(Source material begins)

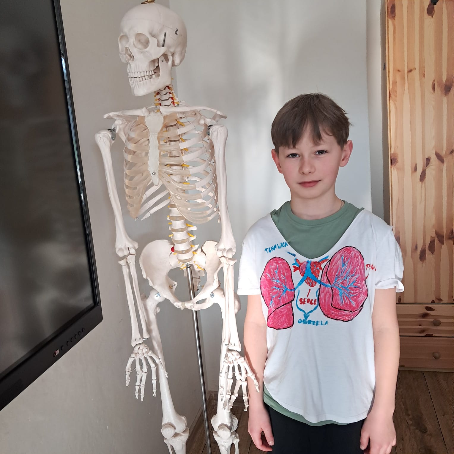 W części praktycznej uczniowie pracowali twórczo – każdy z nich wykonał ilustrację wybranego układu narządów na koszulce. Powstały m.in. prace przedstawiające układ krwionośny, oddechowy, pokarmowy, szkieletowy oraz rozrodczy. Dzięki temu zadaniu uczniowie mogli w ciekawy i angażujący sposób powtórzyć położenie oraz wygląd narządów w ciele człowieka.
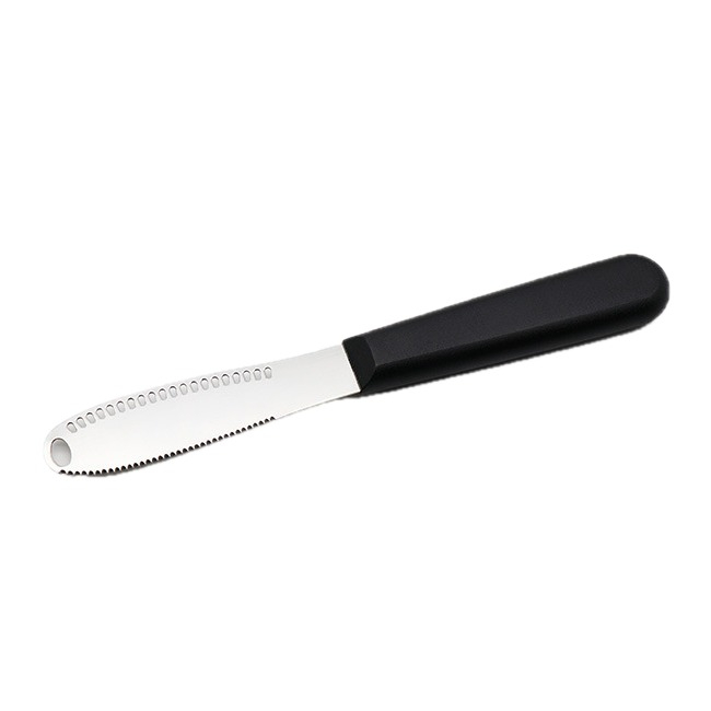 (21cm) Edelstahl Butter Messer Wiederverwendbares Streich Besteck Aufstrich Verteiler mit Loch Struktur / Zacken - Schwarz
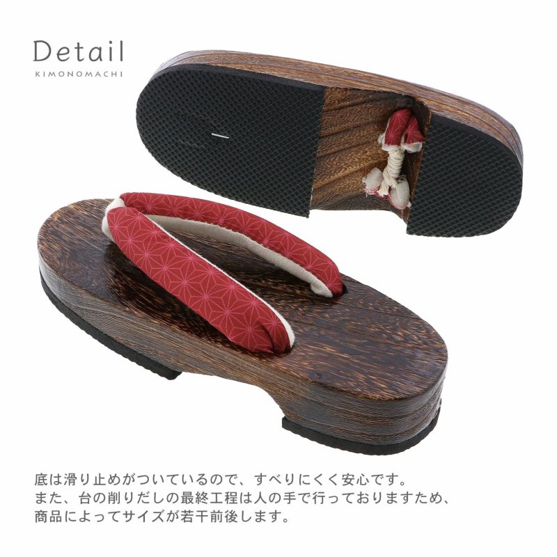 【色柄】鼻緒は赤の地に麻の葉模様、鼻をの裏は白。前坪は白。台は焼桐の焦げ茶色。
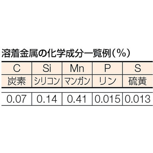 ■被覆剤中に約30%の鉄粉を含有したライムチタニヤ系溶接棒で、再アーク性に優れ、ビード伸びも良く、断続溶接、すみ肉溶接、タック溶接(仮付け)など全姿勢で溶接できます。
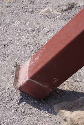 3. & 4. These photos reveal how insubstantial the foundations of the steel columns are. A column has fallen off its concrete base and now leans against the church.
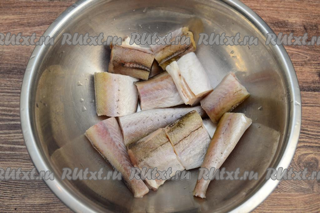 У тушек минтая отрезать хвосты, плавники. Разрезать брюшки рыбы, удалить внутренности вместе с чёрной плёночкой. Хорошо промыть рыбку проточной водой, обсушить. Нарезать минтая на порционные кусочки.
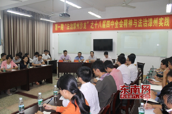 据悉,本次沙龙旨在通过座谈会的形式让学生们更好地践行十八届四中全会精神与法治漳州实践,更好地领会全会审议通过的《中共中央关于全面推进依法治国若干重大问题的决定》、《全体会议公报》精神,贯彻落实全会聚焦法治建设、推动司法改革的精髓。
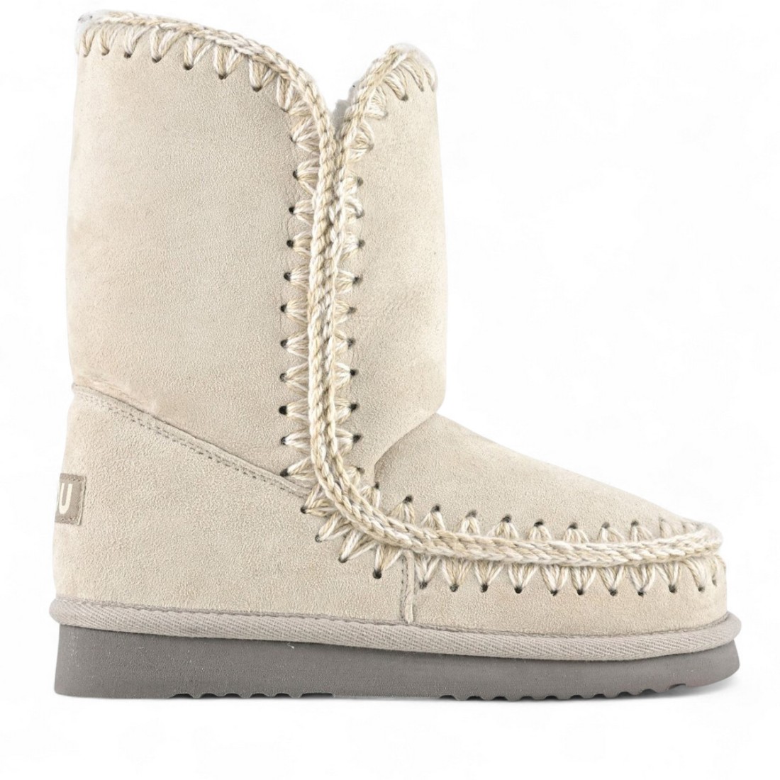 MOU-Stiefelette Eskimo 24 aus kreidefarbenem Wildleder, mit handgefertigten Häkelnähten und weichem, doppelseitigem Schaffellfutter für natürlichen Komfort. Das Mou Logo auf der Rückseite und die Gummisohle garantieren Stil und Zweckmäßigkeit, perfekt für alle, die auf der Suche nach kultigen und langlebigen Schuhen für die kalte Jahreszeit sind.
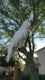 Asking a rehoming fee of $1300, will come with large beige parrot cage, toys, treats, and year supply of food.
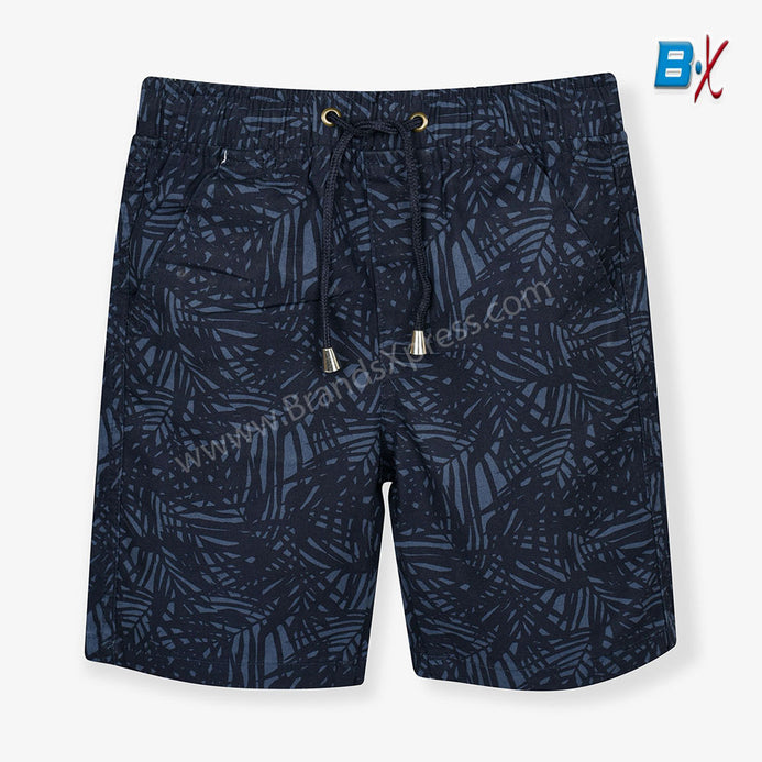 - CRT Leaves Print Blue Cotton Shorts 9134
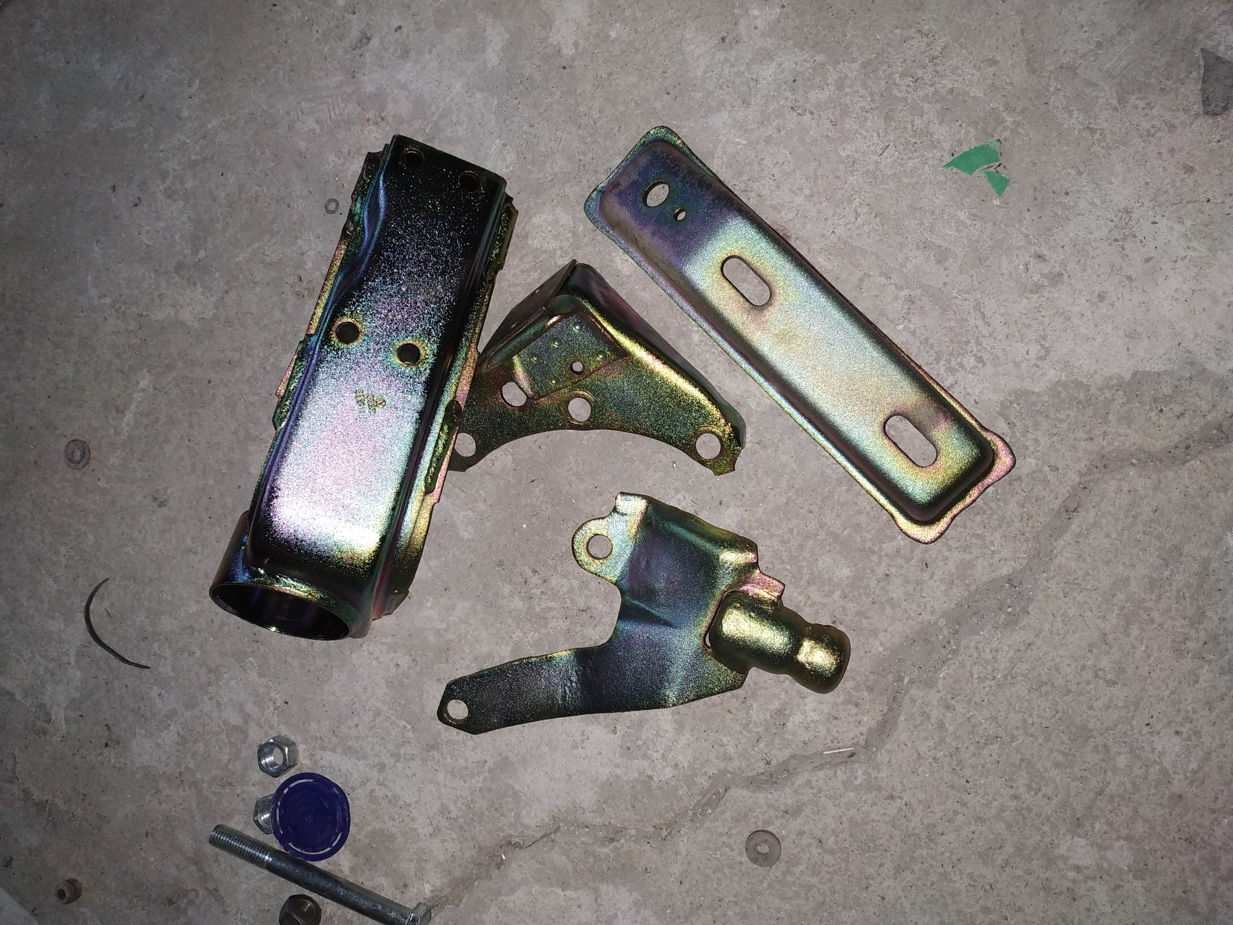 дойдоха още малко части от поцинковане, лапите за двигателя, ушите за рейката , започваме да редим обратно :)
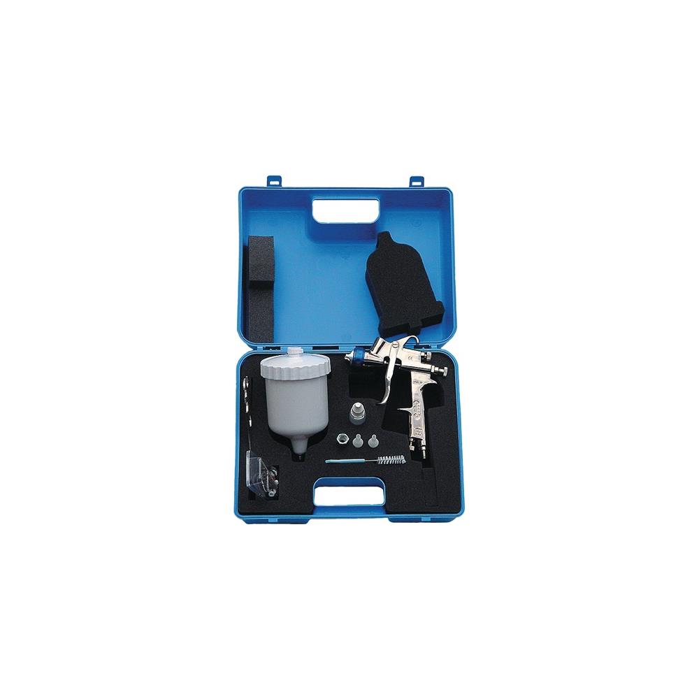 – Thanks to the standard stainless steel components, can also be used to apply varnishes, fillers and water-based primers Contents: Painting gun, flow cup (plastic spare parts kit, key, cleaning set, steel coupling nipple, care oil, with 1.3 mm Ø nozzle
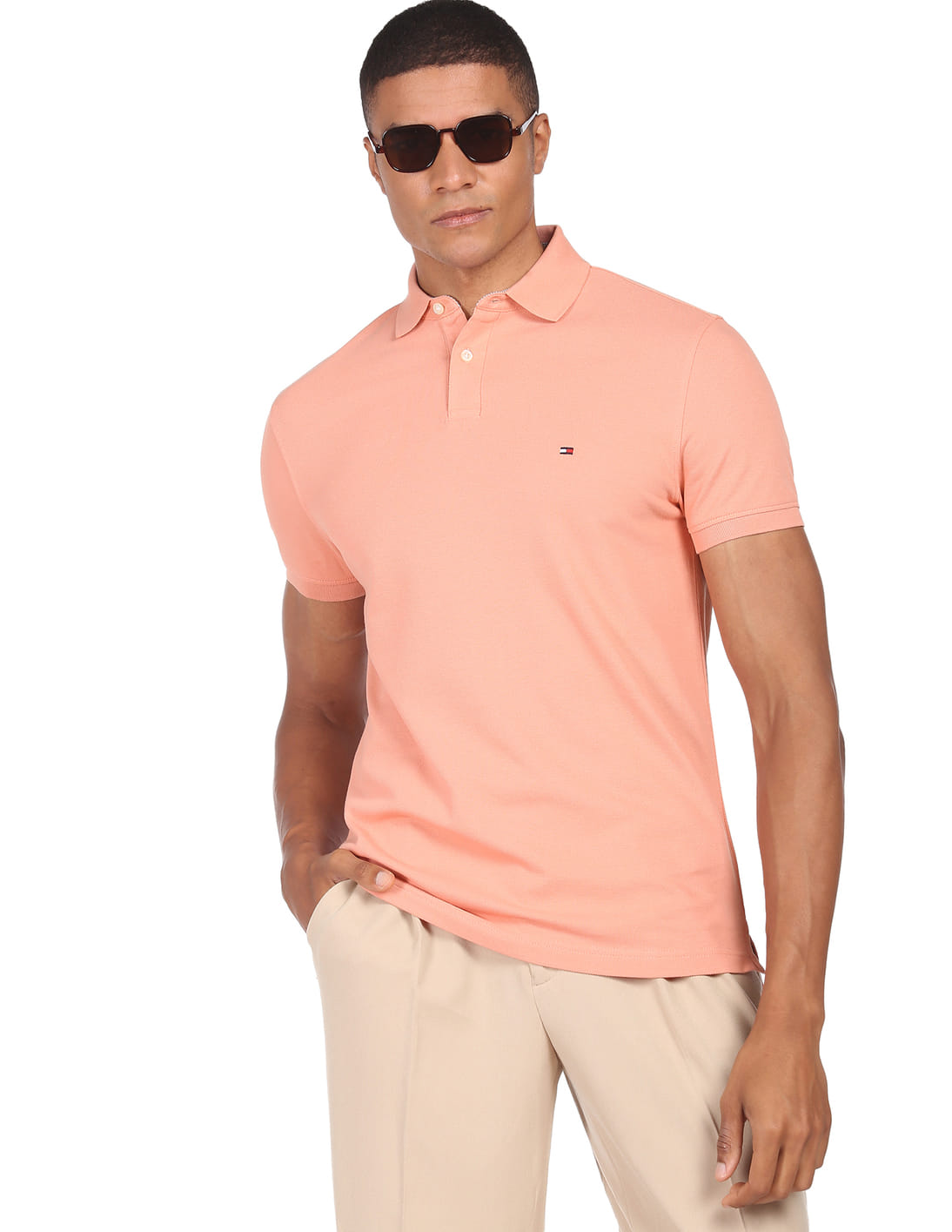 Men Peach Pique Solid Polo Shirt
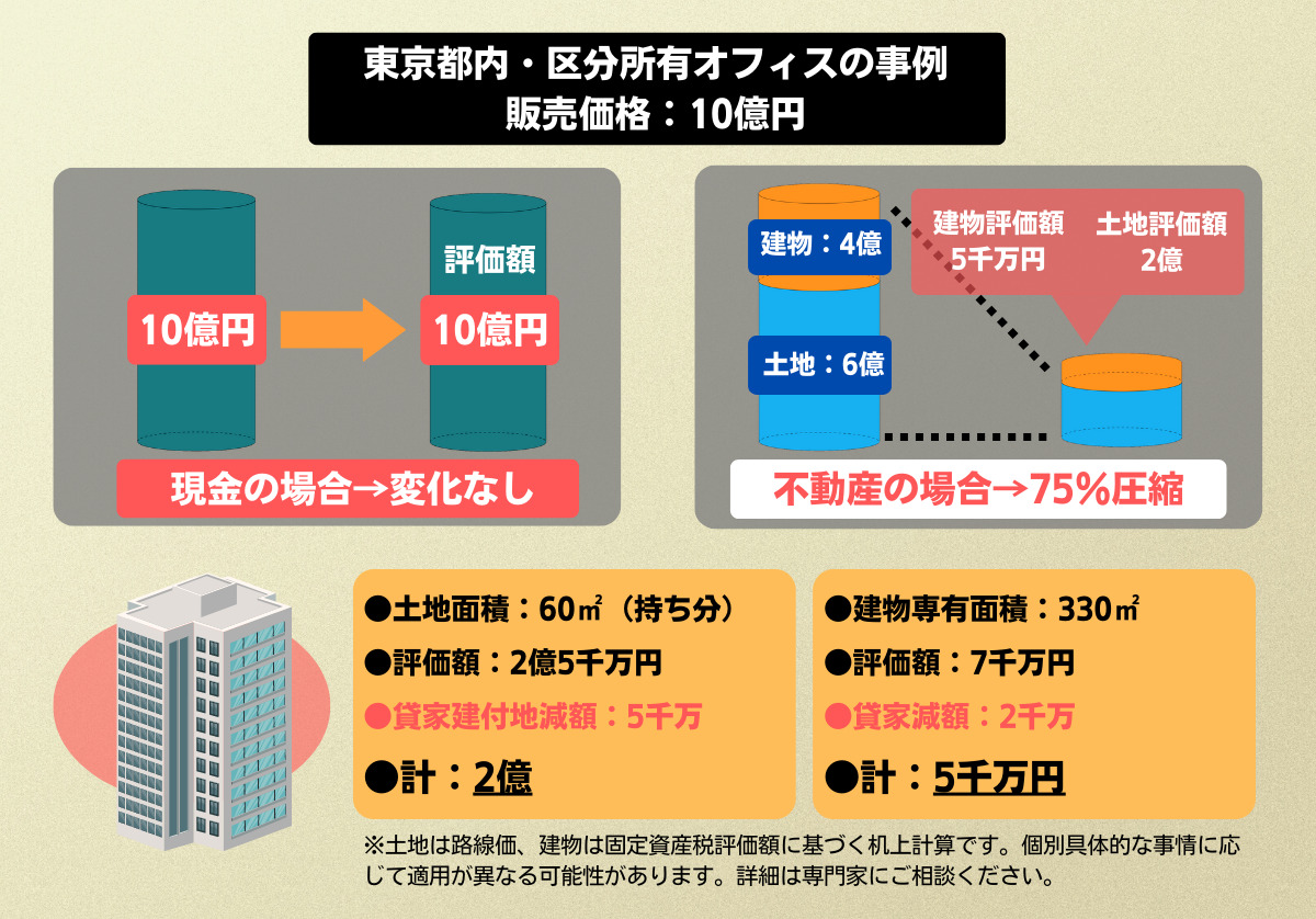 東京都内の区分所有オフィスの事例を紹介します。図解の通り、現金のままでは評価に変化はありませんが、不動産として所有することで評価額が変わり、節税効果の大きさがわかると思います。

(Source material ends)

# [What is being asked]
Transcribe only this stretch of the data: the line with "(21cm) Edelstahl Butter", the line with "дойдоха още малко", and every line in between. Leave out the pictures.

# [Answer to the exercise]
 (21cm) Edelstahl Butter Messer Wiederverwendbares Streich Besteck Aufstrich Verteiler mit Loch Struktur / Zacken - Schwarz
 【色柄】鼻緒は赤の地に麻の葉模様、鼻をの裏は白。前坪は白。台は焼桐の焦げ茶色。
 ■被覆剤中に約30%の鉄粉を含有したライムチタニヤ系溶接棒で、再アーク性に優れ、ビード伸びも良く、断続溶接、すみ肉溶接、タック溶接(仮付け)など全姿勢で溶接できます。
 3. & 4. These photos reveal how insubstantial the foundations of the steel columns are. A column has fallen off its concrete base and now leans against the church.
 У тушек минтая отрезать хвосты, плавники. Разрезать брюшки рыбы, удалить внутренности вместе с чёрной плёночкой. Хорошо промыть рыбку проточной водой, обсушить. Нарезать минтая на порционные кусочки.
 据悉,本次沙龙旨在通过座谈会的形式让学生们更好地践行十八届四中全会精神与法治漳州实践,更好地领会全会审议通过的《中共中央关于全面推进依法治国若干重大问题的决定》、《全体会议公报》精神,贯彻落实全会聚焦法治建设、推动司法改革的精髓。
 MOU-Stiefelette Eskimo 24 aus kreidefarbenem Wildleder, mit handgefertigten Häkelnähten und weichem, doppelseitigem Schaffellfutter für natürlichen Komfort. Das Mou Logo auf der Rückseite und die Gummisohle garantieren Stil und Zweckmäßigkeit, perfekt für alle, die auf der Suche nach kultigen und langlebigen Schuhen für die kalte Jahreszeit sind.
 Asking a rehoming fee of $1300, will come with large beige parrot cage, toys, treats, and year supply of food.
 - CRT Leaves Print Blue Cotton Shorts 9134
 дойдоха още малко части от поцинковане, лапите за двигателя, ушите за рейката , започваме да редим обратно :)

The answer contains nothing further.